Ethnic Groups: Burman 68%, Shan 9%, Karen 7%, Rakhine 4%, Chinese 3%, Indian 2%, Mon 2%, other 5%
Unemployment: 4% (2017 est.)
Myanmar shares borders with China, India, Laos, Bangladesh and Thailand.
The United States officially still calls the country Burma.
1824-1886 – Burma becomes part of British India after fighting three wars with Great Britain over 62 years.
January 1947 – After negotiating with the Anti-Fascist People’s Freedom League (AFPFL), Great Britain agrees to give Burma its independence.
July 1947 – AFPFL leader Aung San is assassinated.
January 4, 1948 – Burma gains independence from the United Kingdom.
March 1962 – The military government is established under Ne Win after a bloodless coup.
August-October 1988 – Mass anti-government demonstrations take place throughout Burma. The official Radio Rangoon figure is 450 dead; the actual number is believed to be much higher.
September 1988 – Gen. Saw Maung takes over in another military coup.
1989 – Burma changes its name in English to Myanmar and the name of the capital from Rangoon to Yangon.
April 23, 1992 – Gen. Than Shwe replaces Saw Maung as head of the junta.
July 23, 1997 – Myanmar joins the Association of Southeast Asian Nations.
March 2006 – Naypyidaw becomes the new administrative capital.
August 19, 2007 – Protests break out in Yangon after the government raises petroleum and diesel prices by 100%.
September 22, 2007 – In her first public appearance in over four years, Suu Kyi greets monks as they march past her house in Yangon.
September 24, 2007 – Buddhist monks lead about 100,000 in the largest anti-government demonstrations since 1988.
September 26, 2007 – As protests continue, Myanmar security forces crack down — clubbing and gassing protestors and arresting as many as 200 monks.
September 30, 2007 – Special UN envoy Ibrahim Gambari meets with Suu Kyi and with military officials (separately) to attempt to resolve the situation.

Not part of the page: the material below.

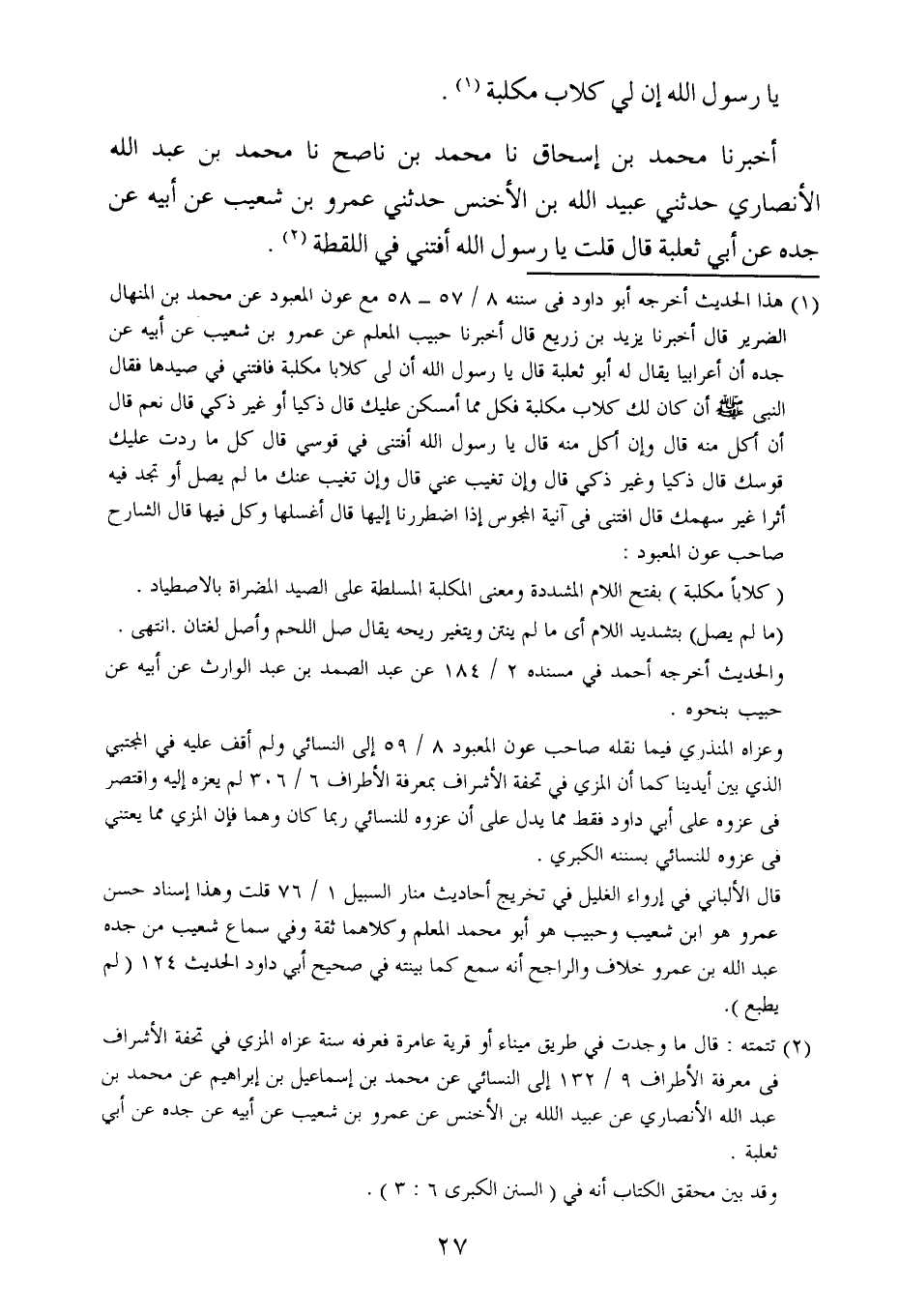 أخبرنا محمد بن سُليمان ، حَدَّثنا محمد ، يَعنِي ابن إسماعيل ، حَدَّثنا المقدمي ، حَدَّثنا معتمر ، قال : سَمِعتُ ليثا عن عَمْرو بن شعيب ، عَن أبيه عن عبد الله بن عَمْرو عن النبي صلى الله عليه وسلم فقام إليه عَمْرو بن جرثوم في قصة أهل الكتاب.
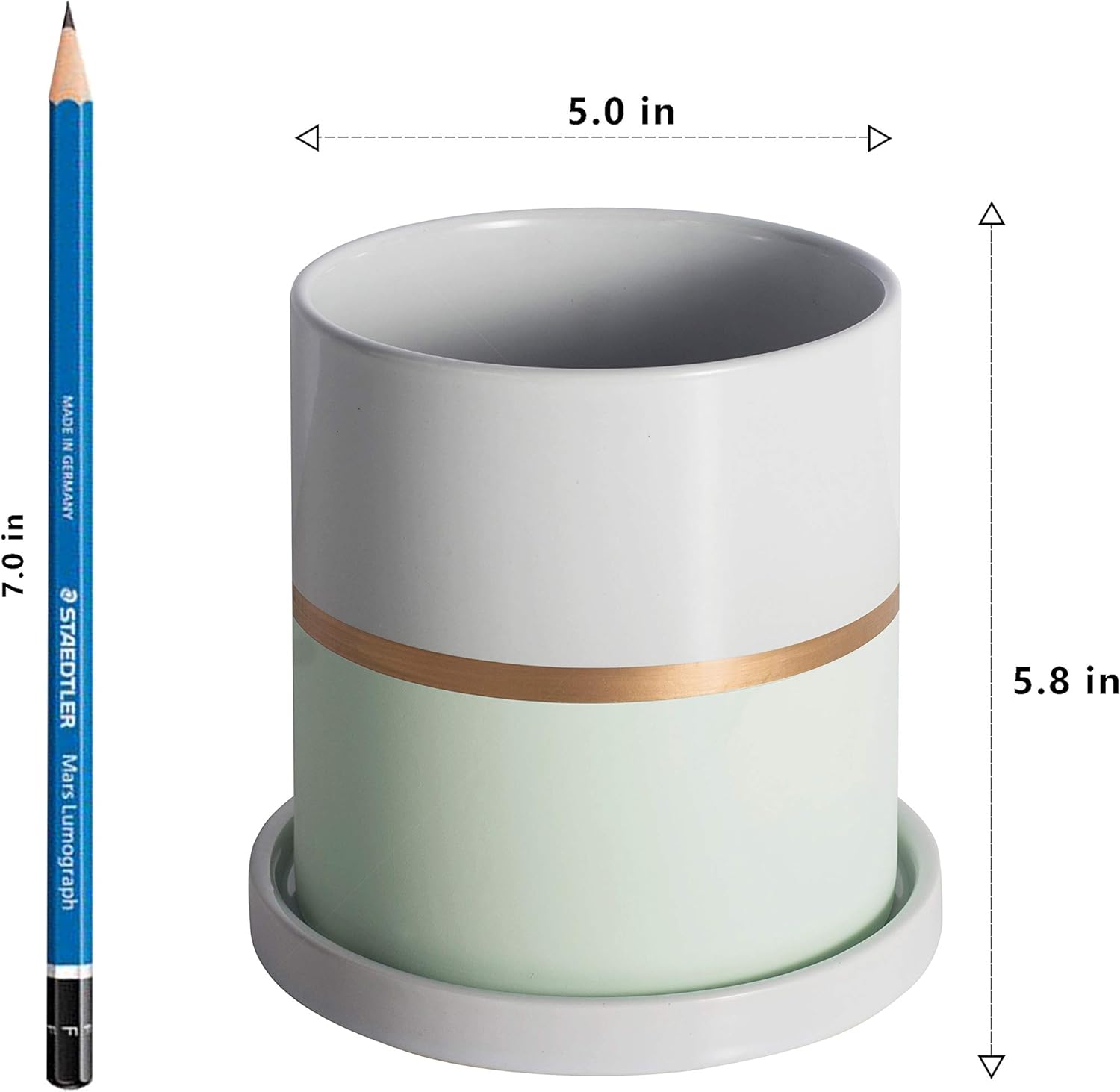 Ekirlin 5 inch Plant Pot - Ceramic Flower Planters Indoor - Modern Succulents Containers with Drain Hole Saucer, Decorate Home, Office & Outdoor (Green)

June 5-10, 2010 – More than 4,000 ethnic Karen leave Myanmar for Thailand after clashes between the Karen National Union rebel group and the Myanmar army.
June-July 2010 – Floods and landslides kill 68 people and displace thousands.
October 22, 2010 – Cyclone Giri hits Myanmar, leaving at least 27 people dead and close to 75,000 homeless.
November 7, 2010 – Myanmar holds its first elections in 20 years. The Union Solidarity and Development Party, backed by the military, claims victory with 80% of the votes.
November 13, 2010 – Opposition leader Suu Kyi is released from house arrest.
January 31, 2011 – Myanmar convenes its first parliament in more than two decades in the capital, Naypyidaw.
February 4, 2011 – The parliament elects Prime Minister Thein Sein as president. Suu Kyi’s NLD party boycotts the elections, calling it a sham.
March 30, 2011 – A civilian government is sworn in to replace the military junta.
October 12, 2011 – Dozens of political prisoners are released as part of a mass amnesty.
December 13, 2011 – The NLD is granted permission to register for future elections in Myanmar.
April 1, 2012 – Suu Kyi wins a seat in parliament in the first multi-party elections since 1990.
April 29, 2012 – UN Secretary-General Ban arrives in Myanmar to meet with President Thein Sein and Suu Kyi.
May 2, 2012 – Suu Kyi takes the oath of office for Myanmar’s parliament, resolving an impasse that had been preventing her from taking her seat in the legislature. She and 33 other newly elected members of the National League for Democracy had been delaying their swearings-in due to objections to the wording of the oath they would have to take.
June 2012 – Unrest breaks out in the western state of Rakhine. Religious violence leaves more than 200 dead and close to 150,000 homeless — predominantly members of the Rohingya Muslim minority.
March 10, 2013 – Suu Kyi wins reelection as Myanmar’s leader of the NLD.
March 22, 2013 – A state of emergency is declared as ethnic clashes between Muslims and Buddhists lead to killings.
May 2, 2013 – US President Obama extends sanctions against Myanmar for one year while lifting the 1996 visa ban.
April 7, 2014 – The UN’s Special Rapporteur on Myanmar, Tomas Ojea Quintana, reports that the recent persecution of the Rohingya group “could amount to crimes against humanity.”
March 28, 2018 – Myanmar’s parliament elects Win Myint as the new president.
April 16, 2021 – Opponents of the military junta announce a National Unity Government (NUG), a shadow civilian government, with Suu Kyi named as the de facto leader.